Para mais informações consulta:


http://lusiadas.gertrudes.com/poesia1.html
Noção de epopeia
Uma epopeia é a narrativa dos feitos grandiosos de um indivíduo ou de um povo.
Nesta definição encontramos os elementos essenciais de qualquer texto épico.
Enquadra-se no género narrativo - é sempre um relato de acontecimentos: o sujeito da
enunciação assume-se como narrador e dispõe-se a fazer o relato de um
acontecimento ou conjunto de acontecimentos a um determinado público; a dimensão
e a natureza do público depende do assunto objecto do relato, presumindo-se que
será sempre constituído pelas pessoas nele interessadas; se o assunto disser respeito a
uma determinada comunidade o público será mais restrito; se o assunto tiver um
interesse mais vasto, o público será mais alargado, podendo abranger potencialmente
toda a humanidade.

O assunto deverá ter um carácter excepcional. Nem todas as acções são susceptíveis
de serem tratadas de forma épica; é necessário que, no entendimento do narrador (e
do seu público), essas acções se distanciem dos acontecimentos vulgares, assumam
um carácter de excepcionalidade. Nas epopeias primitivas os feitos narrados são de
carácter lendário, embora essas ficções tenham sempre um fundo histórico. Em
algumas epopeias de imitação, no entanto, o assunto é histórico.

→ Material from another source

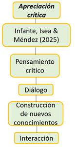 En la figura 5, Infante et al. (2025) expresan que el pensamiento crítico es fomentado por medio del diálogo, lo cual conduce a la construcción de nuevos conocimientos mediante la interacción. Este aspecto ha sido relevante en este estudio, debido a que, por medio de la iconografía, el tejido Matsigenka y el lenguaje visual, se han podido constatar aprendizajes que unen culturas y propician encuentros enriquecedores del conocimiento.
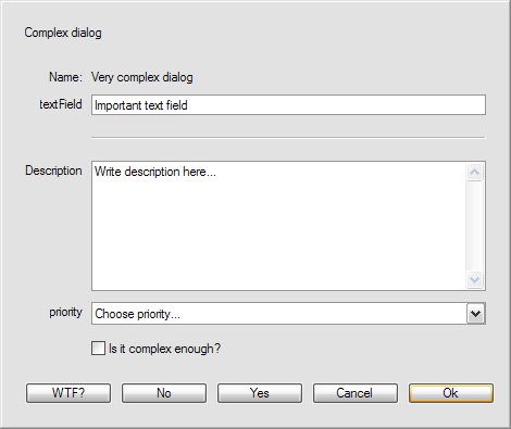 SDialog_InputDialog( "Complex dialog" ; "Ok¶Cancel¶Yes¶No¶WTF?" ; "caption¶Name:" ; "Very complex dialog" ; "text¶textField" ; "Important text field" ; "separator" ; "textArea¶Description¶lines=8" ; "Write description here..." ; "menu¶priority" ; "Very High¶High¶Normal¶Low¶Very Low" ; "Choose priority..." ; "checkbox¶Is it complex enough?" ; 0 )

Os eventos exigem um agente e, tratando-se de eventos excepcionais, o agente deverá


ser igualmente um ser de excepção, um ser que, pela sua origem, pelas suas
características, se distancie, se imponha aos seus semelhantes (herói), pouco
importando que se trate de um indivíduo ou de uma colectividade (herói individual ou
herói colectivo). Na Ilíada e na Odisseia, escritas no século VI a.C., o herói é individual:
num caso, Aquiles; no outro, Ulisses. N' Os Lusíadas o herói é, como o título indica,
colectivo - o povo português. Já na Eneida de Virgílio há uma certa ambiguidade: o
herói parece ser individual, Eneias, mas na realidade o objectivo do poema é exaltar o
povo romano.

Característica de todas as epopeias é a utilização de um estilo elevado, correspondente


à grandiosidade do assunto, e que se traduz na selecção vocabular, na construção
frásica extremamente elaborada e na abundante utilização de recursos estilísticos.
Estrutura externa
Os Lusíadas estão divididos em dez cantos, cada um deles com um número variável de
estrofes, que, no total, somam 1102. Essas estrofes são todas oitavas de decassílabos
heróicos, obedecendo ao esquema rimático "abababcc" (rimas cruzadas, nos seis
primeiros versos, e emparelhada, nos dois últimos).

Estrutura interna
Camões respeitou com bastante fidelidade a estrutura clássica da epopeia. N' Os
Lusíadas são claramente identificáveis quatro partes:

Proposição - O poeta começa por declarar aquilo que se propõe fazer, indicando de
forma sucinta o assunto da sua narrativa; propõe-se, afinal, tornar conhecidos os
navegadores que tornaram possível o império português no oriente, os reis que
promoveram a expansão da fé e do império, bem como todos aqueles que se tornam
dignos de admiração pelos seus feitos.

Invocação - O poeta dirige-se às Tágides (ninfas do Tejo), para lhes pedir o estilo e
eloquência necessários à execução da sua obra; um assunto tão grandioso exigia um
estilo elevado, uma eloquência superior; daí a necessidade de solicitar o auxílio das
entidades protectoras dos artistas.

Dedicatória - É a parte em que o poeta oferece a sua obra ao rei D. Sebastião. A


dedicatória não fazia parte da estrutura das epopeias primitivas; trata-se de uma
inovação posterior, que reflecte o estatuto do artista, intelectualmente superior, mas
social e economicamente dependente de um mecenas, um protector.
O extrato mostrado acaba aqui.